Hugging Face dropped its Spring 2026 State of Open Source report this week. The headline numbers tell three different stories at once: a geographic shift, an institutional shift, and a concentration shift. None of them point in the direction the 2024 conventional wisdom suggested they would.

70% → 37%

In 2024, US-origin models accounted for roughly 70% of all model downloads from the Hugging Face hub. Today that share is 37%. Most of the missing 33 points went to China-origin models, which now account for 41% of downloads — more than the US for the first time.

This isn't a "China is catching up" story. It's a "China caught up and the audience moved." Qwen-3, DeepSeek-V3, Kimi K2, Yi, Baichuan — the catalog of credible Chinese open-source frontier models grew faster than people tracking US-only releases noticed. Hugging Face's traffic numbers are downstream of practitioners deciding which models to download for real work. Practitioners voted with their bandwidth.
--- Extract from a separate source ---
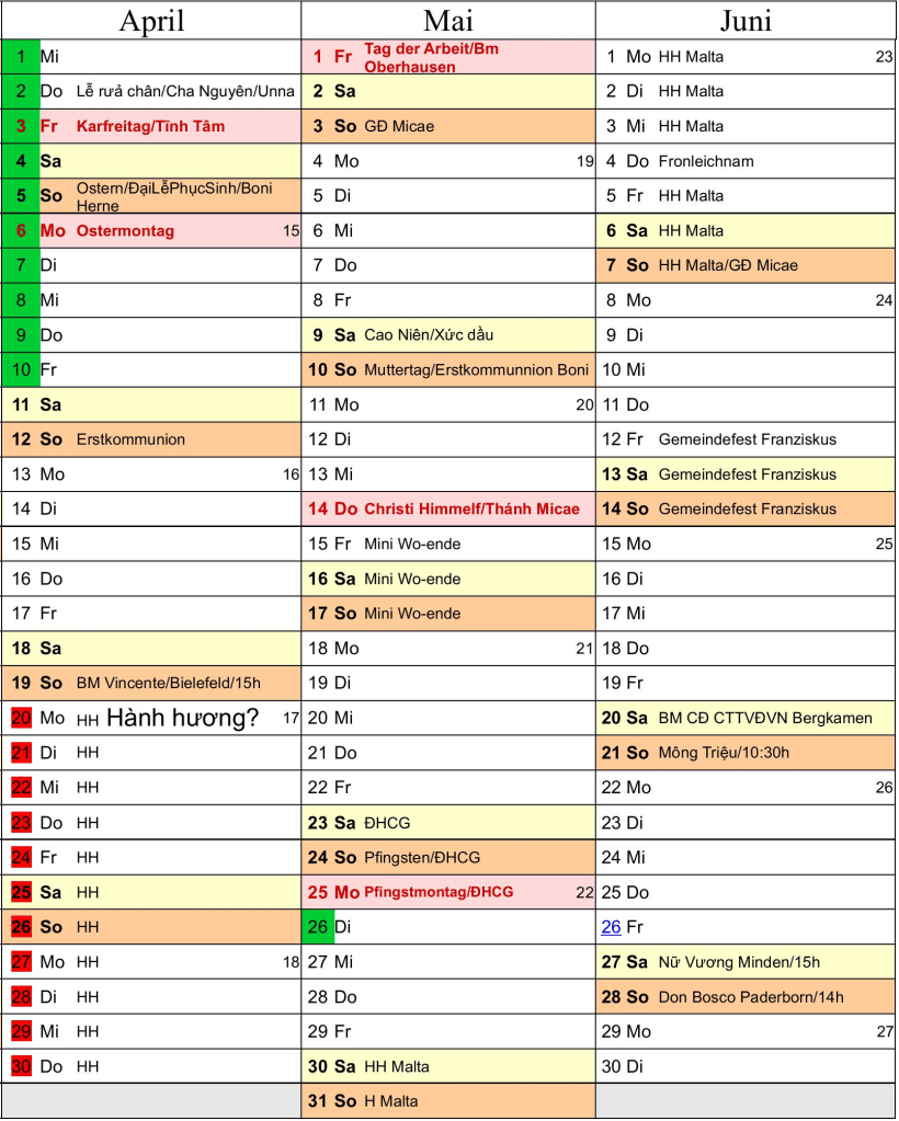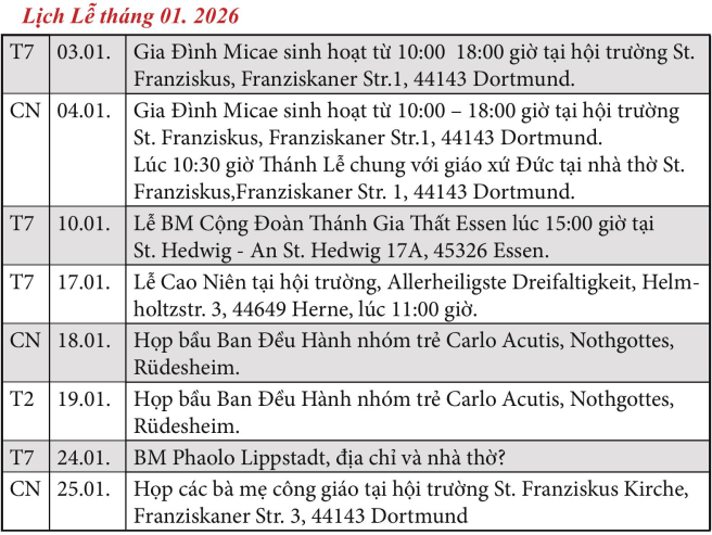 - Hướng dẫn giáo lý và hỗ trợ đời sống đức tin cho người Việt tại Đức.

The remaining 22% is distributed across European labs, independent contributors, and university releases.

Industry labs lost ground to solo devs

The second shift, less publicized but more interesting: individual contributors now ship more credible open-source models than industry labs do. Meta, Google, Anthropic, Mistral combined produce fewer top-tier OSS releases per quarter than the long tail of solo developers and small teams.

That's partially because Meta — historically the largest OSS contributor — has slowed its frontier-model release cadence. It's partially because fine-tuning and merging recipes have gotten good enough that a single developer with a few hundred dollars of compute can produce a model that ranks competitively on a domain-specific benchmark. The barrier to "credible open-source release" dropped.
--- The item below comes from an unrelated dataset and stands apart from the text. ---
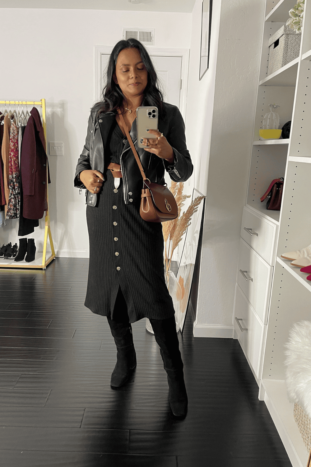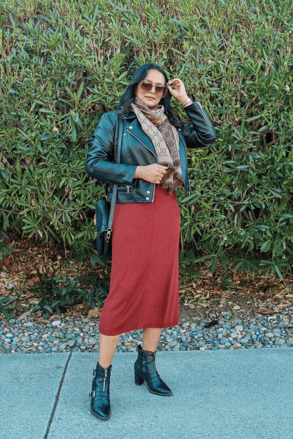 Winter and leather jackets are the best combination and in this look, I also added ankle boots which match the leather jacket with hardware details. This creates an effortless edgy look that makes this simple sweater dress stand out.
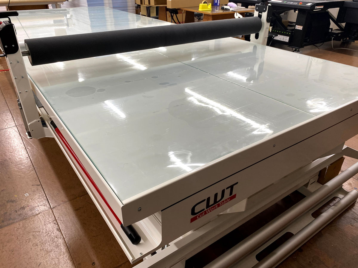 【MIMAKI CWT1640PA】幅1.6m×奥行き4.0mのテーブルを備えた、糊付きのメディアを貼り合わせるための作業テーブルです。熟練の職人でないと綺麗に貼り合わせることが難しい大判のメディアを、誰でも失敗なく貼り合わせられる、頼れる機械です。

The implication for builders: when you go looking for an open-source model for a specific use case, the right place to look has shifted. The official Meta / Google / Mistral release lists are still useful but no longer comprehensive.
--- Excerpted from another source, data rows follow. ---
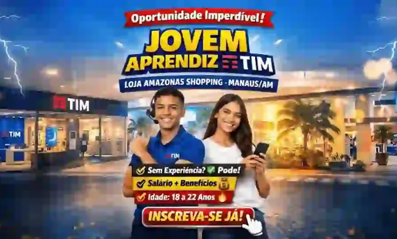 Jovem Aprendiz TIM em Manaus: vaga no Amazonas Shopping com benefícios e sem experiência. Inscreva-se antes de 07/06/2026
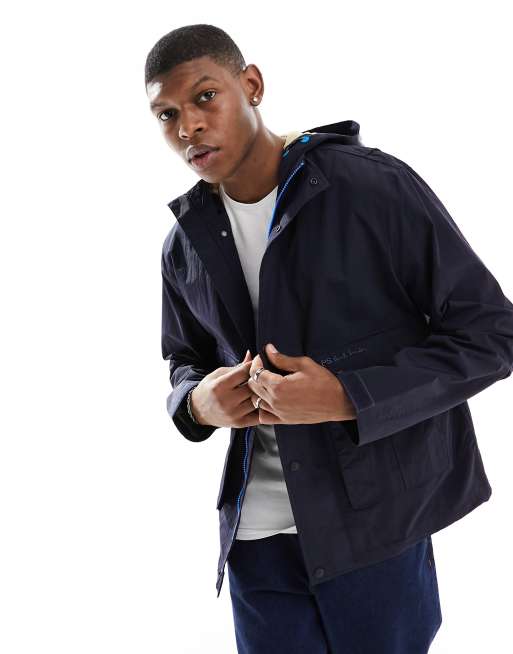 PS Paul Smith - Veste à capuche style pêcheur en nylon avec 2 poches - Bleu marine
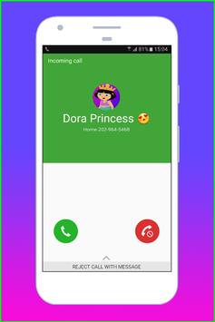 Fake Call Dora Princess is an application for calling from dora princess and barbi princess and ben and bean and sponge bob and more fake calling. Download Fake Call dora Princess for free now and get the best fake calling from dora and calling from barbie and calling from more other cartoon.
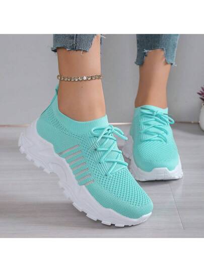 新款春夏针织运动鞋,轻便舒适透气休闲跑步鞋 - 藍色 - 查看 1
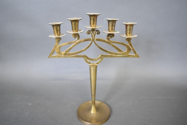 11161. Kandelaber, jugend stil, mässing höjd 47 cm

Concentration in 200 models

The third shift cuts the other way. 50% of all downloads now go to 200 models, out of 2 million publicly hosted on Hugging Face. The long tail of "I trained a thing once and posted it" hasn't gone away — there are more such models than ever — but the working set practitioners actually pull from is small and getting smaller.

That makes sense if you think about it. Most people aren't experimenting with models; they're shipping something. And shipping requires a model with a working ecosystem of fine-tunes, quantized variants, inference templates, and benchmarks. The 200 are the models that have those ecosystems. Everything else is a leaf node.

What to do this quarter

Three actions that follow from the report.

Audit your model defaults. If your 2024 default was meta-llama/Llama-3 or some variant, ask whether that's still the right baseline for your workload. The Qwen-3 family is now ahead on most multi-lingual tasks. DeepSeek-V3 is ahead on reasoning. Kimi K2 is ahead on long context. The right answer depends on your workload, but it almost certainly isn't the 2024 default anymore.

Don't assume small-team releases are less mature. A fine-tune from a known practitioner on a domain you care about can outperform an industry lab's generalist release by a wide margin. The "industry lab = best quality" heuristic isn't reliable in spring 2026.

Track the 200, not the 2 million. Hugging Face's filtered top-200 list, updated weekly, is now the right working set to monitor. Anything outside it is either niche or experimental — both legitimate, but not where most production work should start.

The numbers — 70 to 37, China at 41, 50% on 200 models, 13M users — are useful as quotes. The actionable bit is the underlying shift in who you should trust for your next model choice. The 2024 answer was "the big four labs." The spring 2026 answer is "look harder."